**Records from a collection**
_ _ _ _ _ _ _
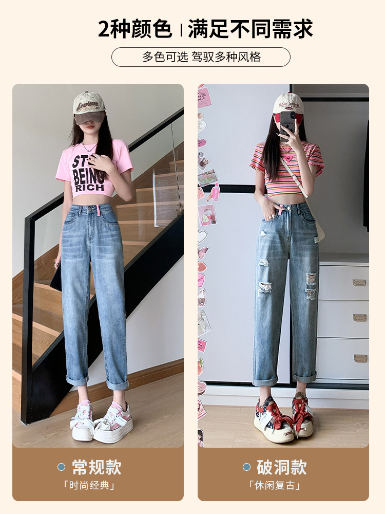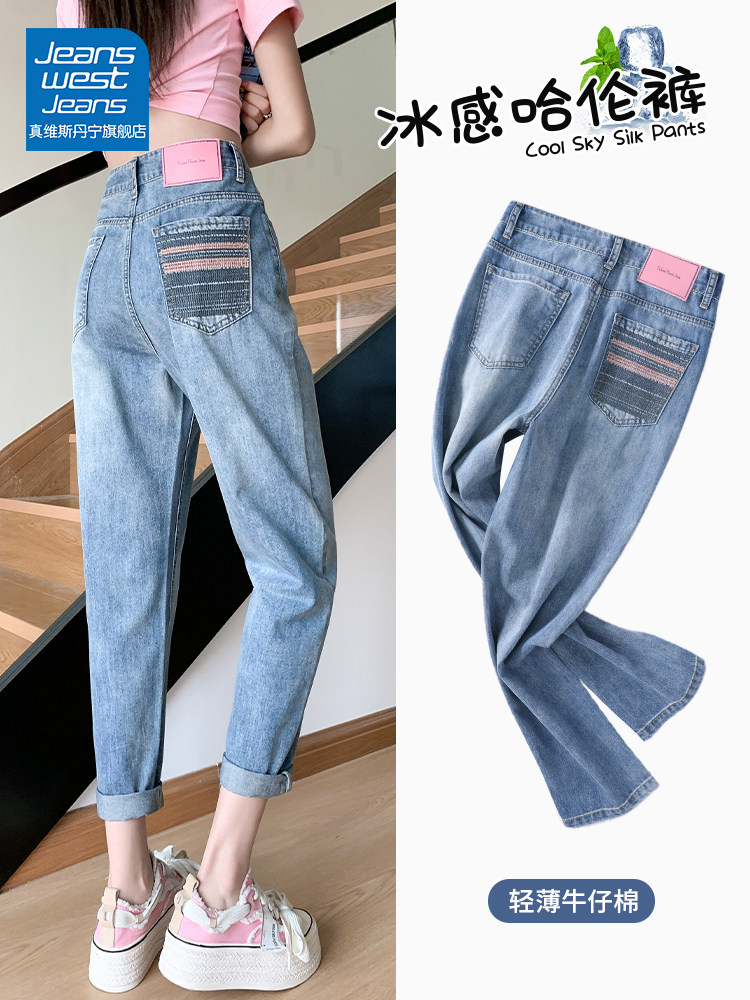 Штаны, летние джинсы, высокая талия, свободный прямой крой, подходит для подростков
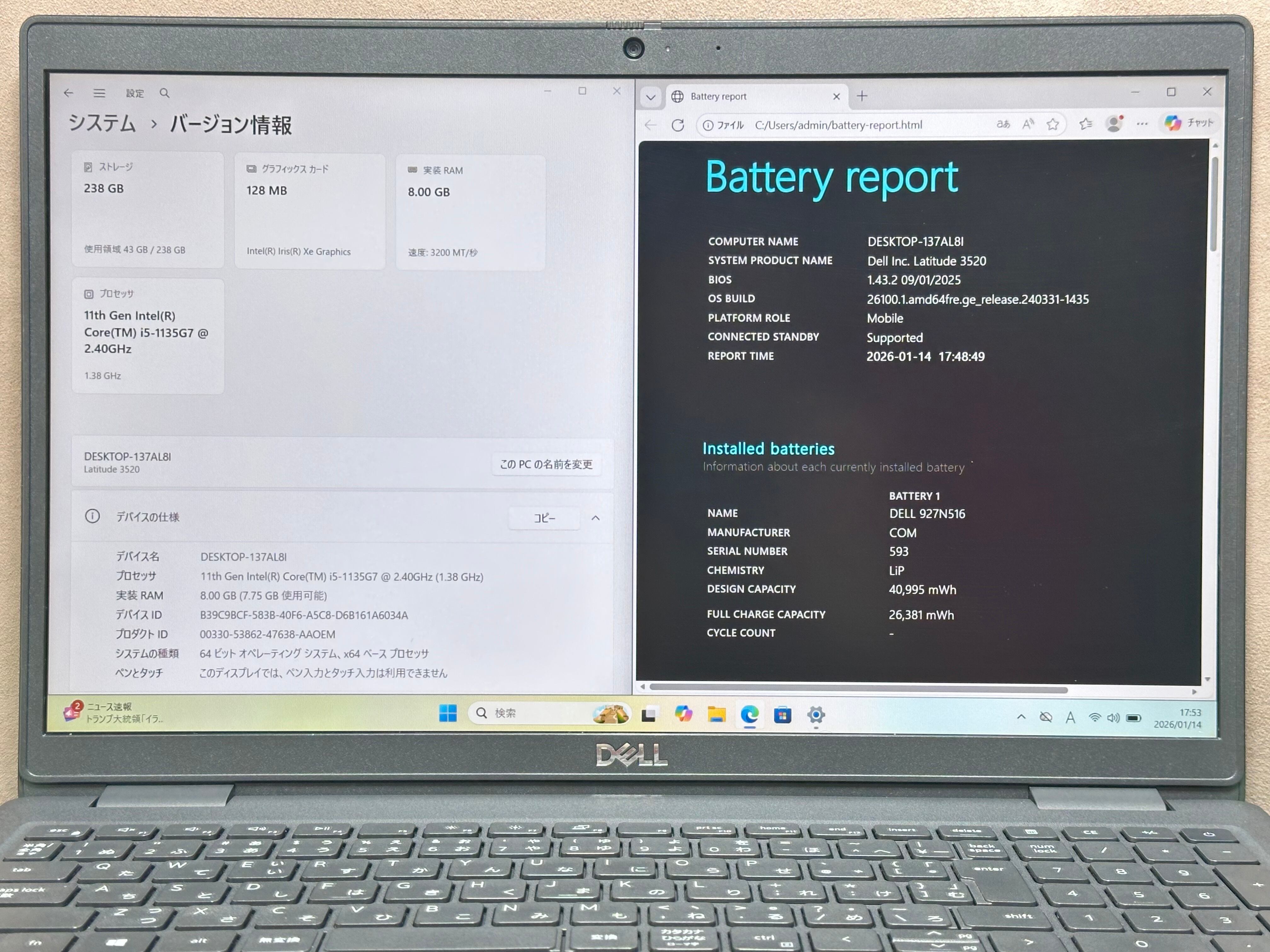 【機能状態】B : 通常使用に問題ありませんが、バッテリーが劣化しています。
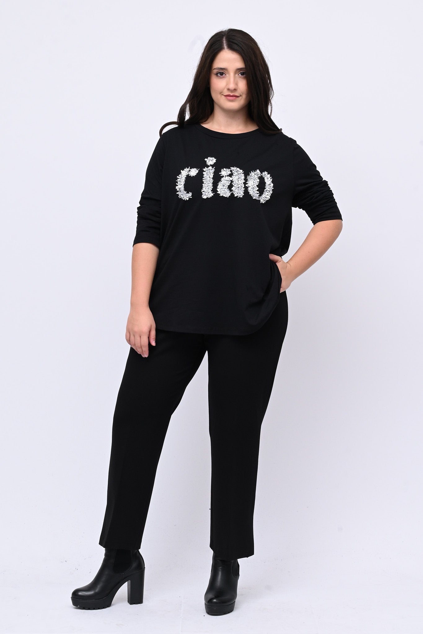 T-shirt in cotone, girocollo, manica lunga. Il ricamo argentato con la scritta "CIAO" dona un tocco sofisticato e distintivo, perfetto per valorizzare il tuo look in modo discreto ma efficace. Un capo versatile che combina qualità dei materiali e design curato nei dettagli.
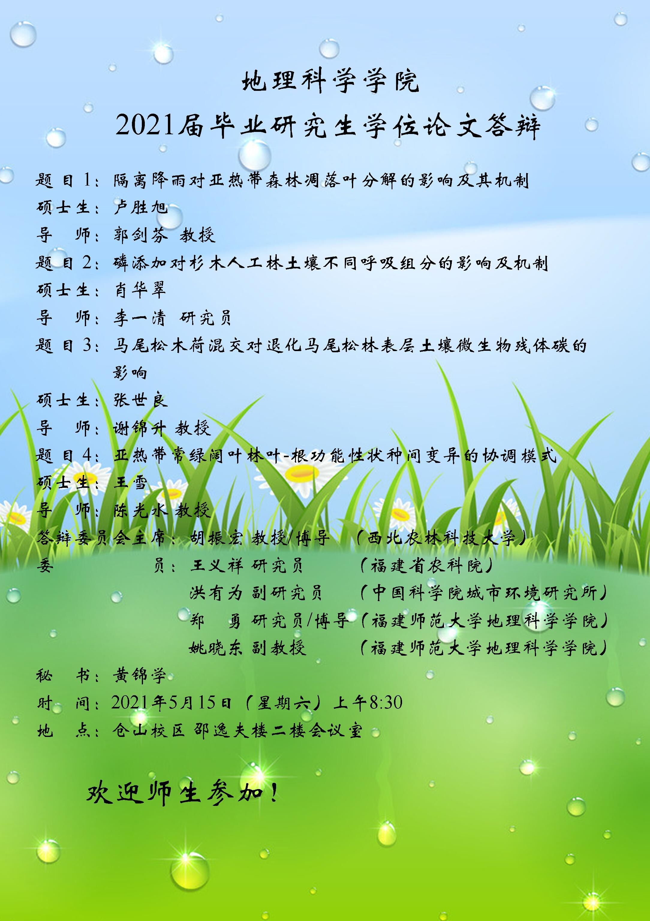 2021年5月15日“地理科学学院2021届毕业研究生学位论文答辩”
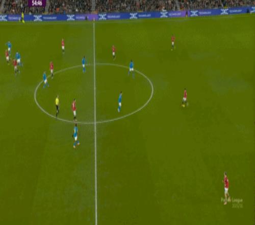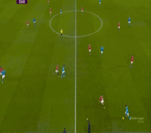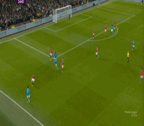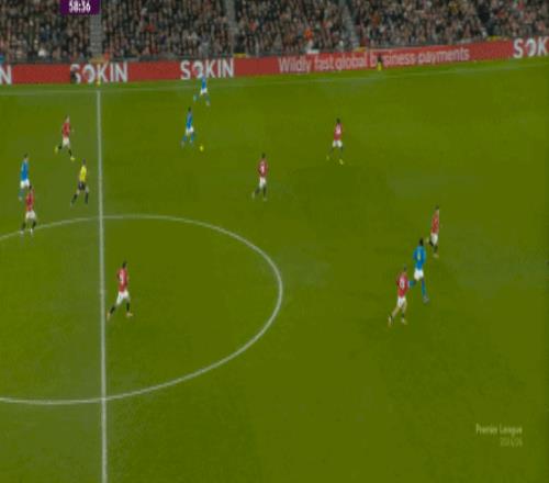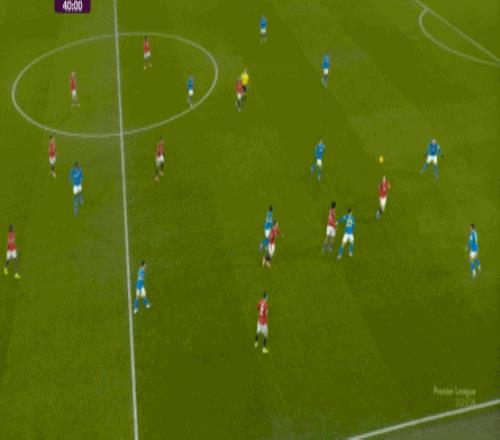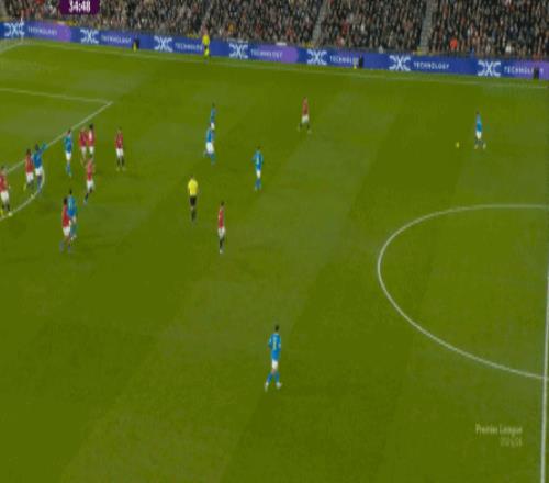 也能通过捕捉曼联的失误,吃掉库尼亚之后,从右路继续送出传中:
_ _ _ _ _ _ _
**TASK DIRECTIONS**
Every entry above needs to be retyped exactly; drop the pictures.

**ANSWER**
 Штаны, летние джинсы, высокая талия, свободный прямой крой, подходит для подростков
 【機能状態】B : 通常使用に問題ありませんが、バッテリーが劣化しています。
 T-shirt in cotone, girocollo, manica lunga. Il ricamo argentato con la scritta "CIAO" dona un tocco sofisticato e distintivo, perfetto per valorizzare il tuo look in modo discreto ma efficace. Un capo versatile che combina qualità dei materiali e design curato nei dettagli.
 2021年5月15日“地理科学学院2021届毕业研究生学位论文答辩”
 也能通过捕捉曼联的失误,吃掉库尼亚之后,从右路继续送出传中:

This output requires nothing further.